To build a Docker image, you need to create a Dockerfile. A Dockerfile is a file that contains instructions on how to build the Docker image. By default, the file is named Dockerfile and this naming is used in the instructions below. To learn more about Docker, see https://docs.docker.com/get-started/.
Prerequisites
In addition to a Dockerfile, the following files are required to build the Docker image:
- <service_name>.war - a deployable archive of the desired web application, e.g., webapp.war, collaborator.war, or admin.war.
- <install_root>/WebAppPlatform/shared/conf/logback.xml - the logging configuration file.
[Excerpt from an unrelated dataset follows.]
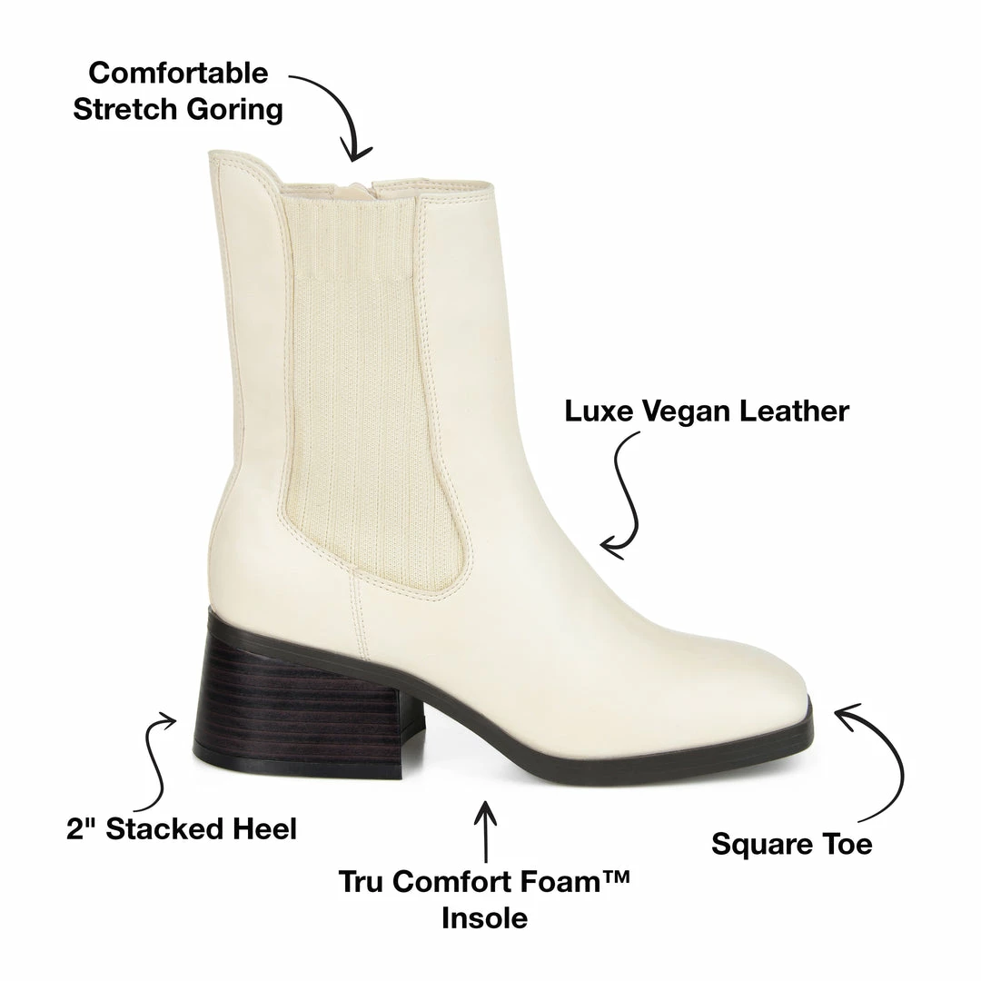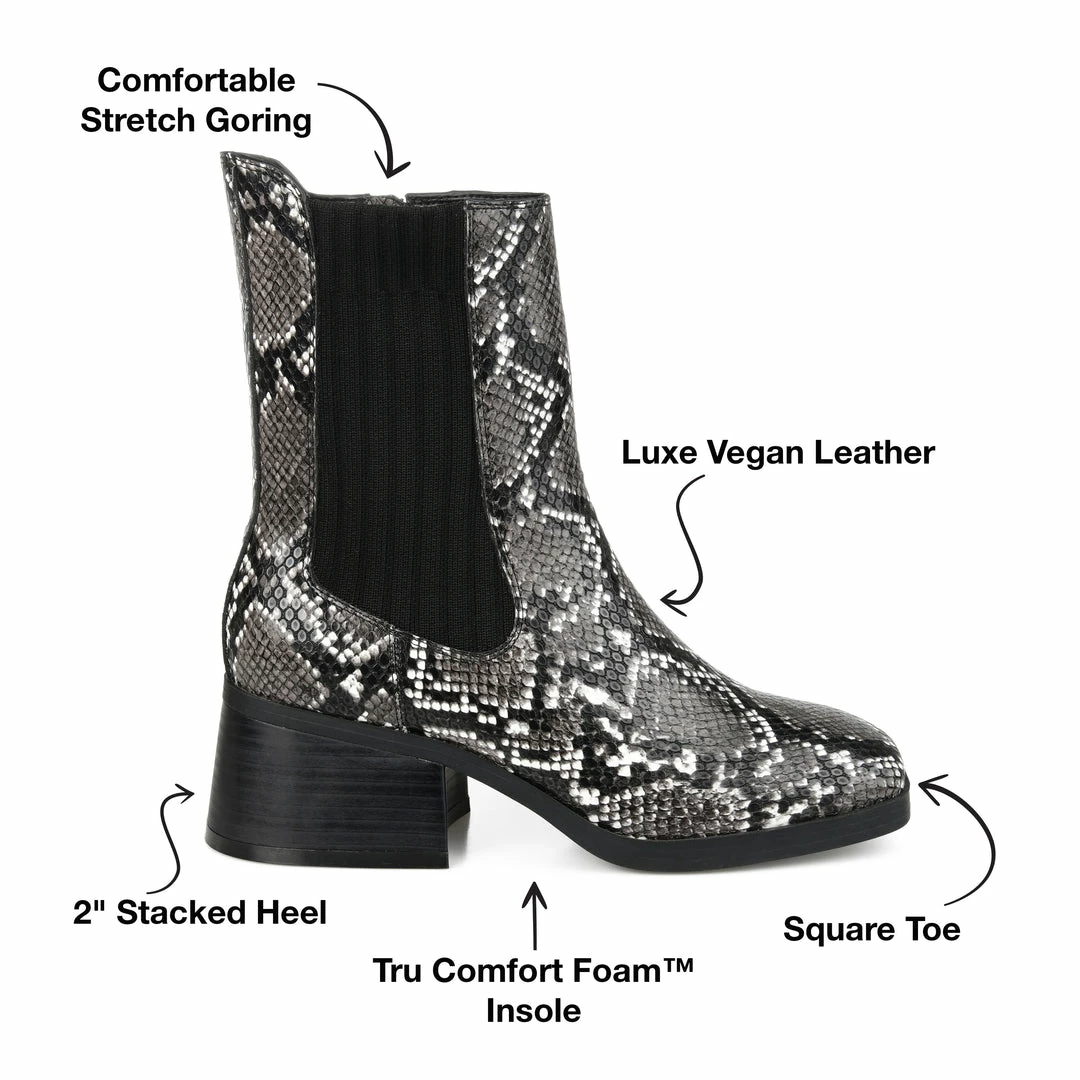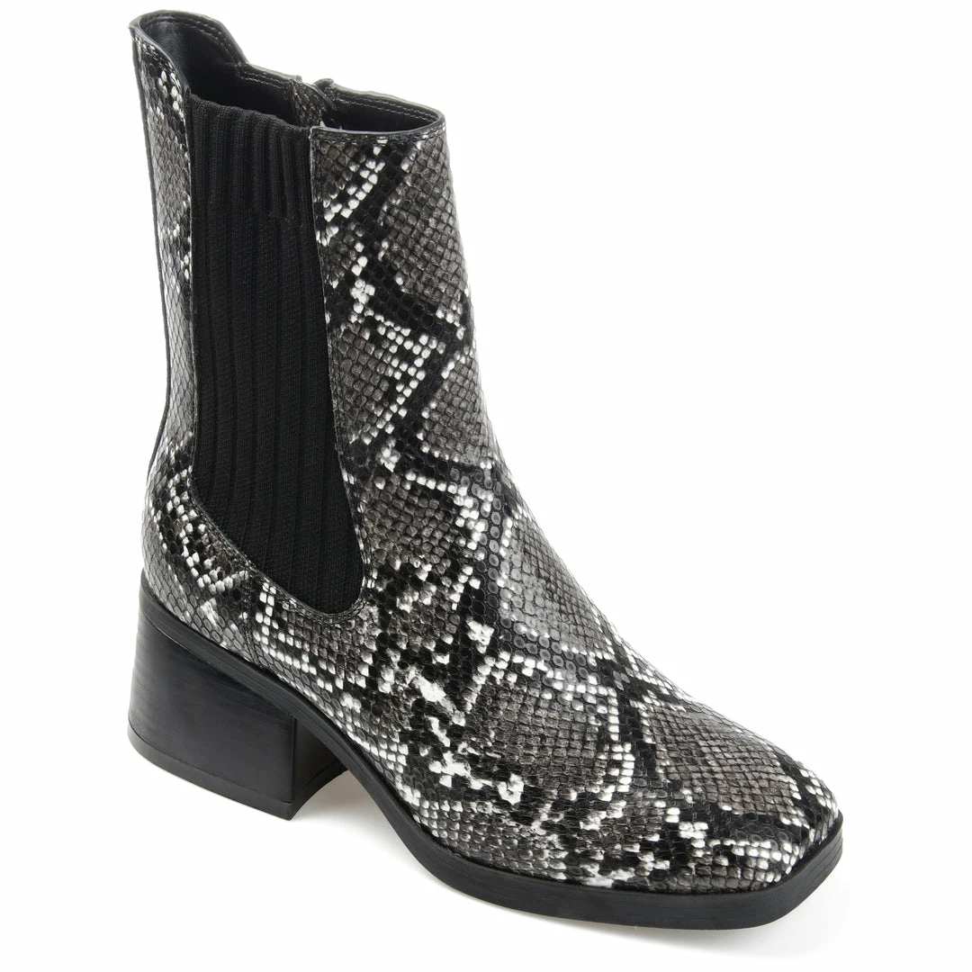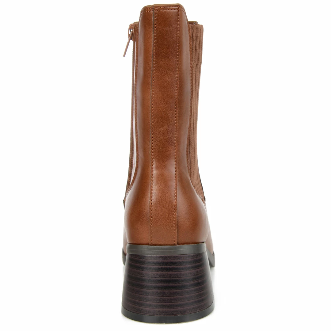 Cool contemporary details define the Desree by Journee Collection. A stretch knit panel and an inside zipper accent this square-toe bootie. A low heel paired with a 4 mm Tru Comfort Foamβ’ footbed finish this vegan leather silhouette. Heel Height – 2-inch Heel Type – Stacked Platform Height – 1/2-inch Shaft Height – 7 inches Top Circumference – 10 1/2 inches Shoe Width – Medium Closure Type – Inside Zip Toe Style – Square Lining – Fabric Upper Material – Vegan Leather Outersole Material – Man-made Footbed – 4 MM Tru Comfort Foamβ’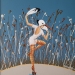 Sold Klein schilderij van een vogelvrouw (ooievaar) die waakt over haar domein.

To learn how to configure data logging, see Configuring data logging.
- <install_root>/WebAppPlatform/shared/conf/webappplatform.properties - the file with Web Application Platform configuration properties.
- You may also need additional files, like email or document export templates that need to be copied to the web container.
Note that running multiple Docker images without resource limitation can consume too much of the host machine’s memory and cause "out of memory" kills. For more information on how to set resource constraints for a Docker container, refer to https://docs.docker.com/config/containers/resource_constraints/.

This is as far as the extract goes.